Qui il programma di concorso chiedeva lo studio di un centro ospedaliero completo: circa 900 posti letto fra degenti e personale, tutte le specialità mediche e chirurgiche, ospedale sanatoriale, ospedale per le malattie infettive.
Qualcuno dei nove concorrenti ha tentato il tipo a padiglione; ma la maggior parte ha svolto il progetto o su schemi intermedi, o addirittura sullo schema compatto della costruzione a blocco unico.
E quest’ultimo tipo ha finito per prevalere portando al primo posto il progetto redatto dall’arch. Ettore Rossi (motto): “Se indietreggio, uccidetemi”, il quale ha assegnato due distinti edifici all’Ospedale Sanatoriale e a quello per le malattie infettive, concentrando invece in un edificio unico di sette piani tutte le specialità mediche e chirurgiche.
Lo schema planimetrico dell’edificio e’ impostato su di una forma a doppi T, con braccia disuguali, con le due braccia principali a leggera curva, esposte verso Sud, contenenti le sale di degenza, e le due braccia minori contenenti in generale gli Istituti ed i servizi di cura.
Questa forma planimetrica molto moderna e tipica non ha mai ricevuto ancora in Italia una formulazione precisa e serrata come in questo progetto dell’arch. Ettore Rossi.

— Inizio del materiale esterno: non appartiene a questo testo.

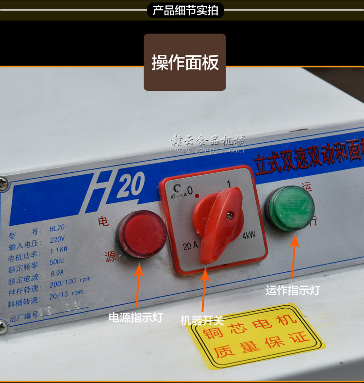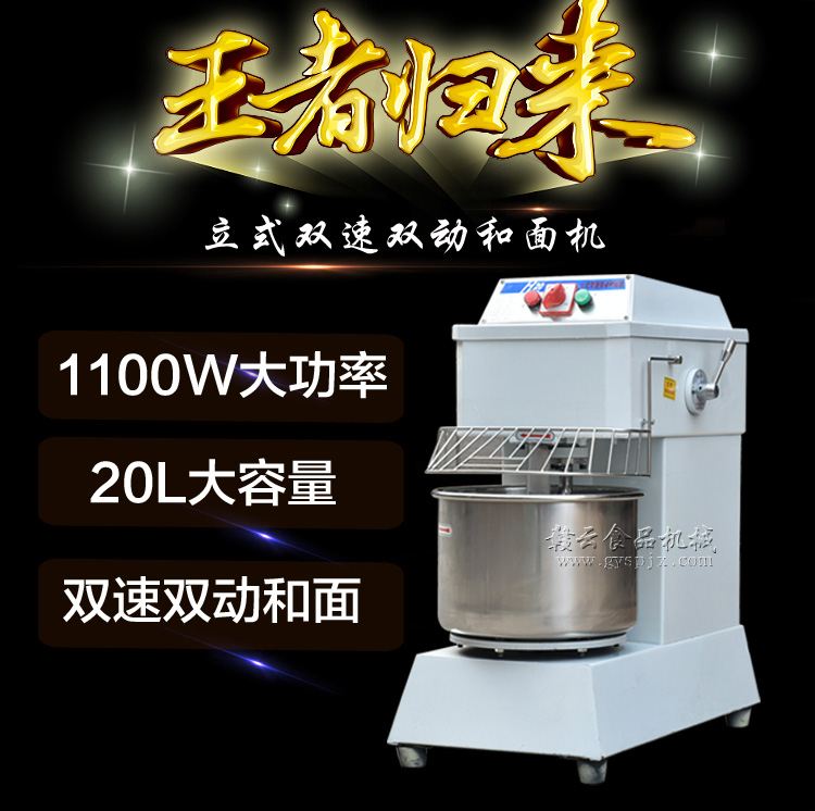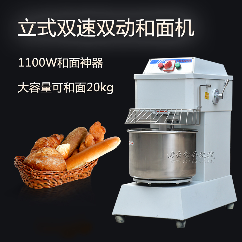 贛云牌HL-20型和面機,立式雙速雙動型和面攪拌機,有兩個檔位(快慢檔),工作時攪拌桿會轉動,料桶也跟隨轉動。具有結構緊湊、轉動平穩、用途廣、噪音低,能迅速使干性面粉成為富有一定彈性、伸縮和流動均勻的面團。亦適用于攪拌醫學藥粉、工業用粉漿等,廣泛用于各工廠企業、機關、部隊、食堂及各大賓館,是飲食服務器行業的常見用品。我廠常規批量生產供應的雙速雙動和面攪拌機有20L和30L兩種型號,如需更大規格可定做,如60L、80L,歡迎來電咨詢:電話0797-8373422

L’ospedale e’ diviso in tre zone, chiaramente individuabili: zona di degenza, zona di ricerca e cura, servizi.
I servizi sono distribuiti di massima al pianterreno e ciascuno servizio specifico fa nucleo a sé con traffici propri e indipendenti.
Ogni piano possiede un nucleo di servizio generale, disposto in posizione centrale rispetto alla zona servita, ma ben distinto tanto che il traffico dei servizi generali si svolge internamente al corpo, restando connesso con il corridoio di degenza attraverso un’unica porta.
La zona di degenza, che, come si disse, occupa il corpo frontale a SUD, e’ accuratamente distinta dal reparto curativo e quindi assolutamente tranquilla e indisturbata, mentre molto bene ad essa risulta collegata da percorsi comodi e brevi.
La zona di ricerca e di cura dispone i vari reparti in tanti piano sovrastanti, con i relativi servizi disposti a colonna. Disposizione questa che permette l’indipendenza dei vari Istituti, giova ad una comoda ripetizione in serie dei servizi, creando così delle colonne destinate agli uomini, alle donne, alle sale operatorie, ai laboratori, ecc...
Questa distribuzione così serrata e compatta permette da sola la realizzazione di una notevole economia di impianto ed un’ancora più grande economia di gestione.
Consente inoltre la facile ed immediata comprensione del funzionamento dell’istituzione, nella quale tutti i più vari settori si sentono ben classificati e legati all’insieme: ne scaturisce quindi la formazione di quella psicologia ospedaliera così indispensabile alla disciplina e al buon andamento del delicato lavoro.
E anche se ne avvantaggia il complesso architettonico, il quale trae la sua vesta formale dalla sostanza della struttura dell’organismo che ne viene rivelata, amplificata, quasi diremmo esaltata, con molta semplicità e schiettezza.
Il secondo premio e’ stato assegnato al progetto (motto “Humanitas”) redatto dai romani arch. E.Luzzato, ing. F. Muratorio, ing. F. Romoli, i quali a loro volta hanno svolto il loro tema su di una distribuzione intermedia fra il tipo a monoblocco e a padiglioni.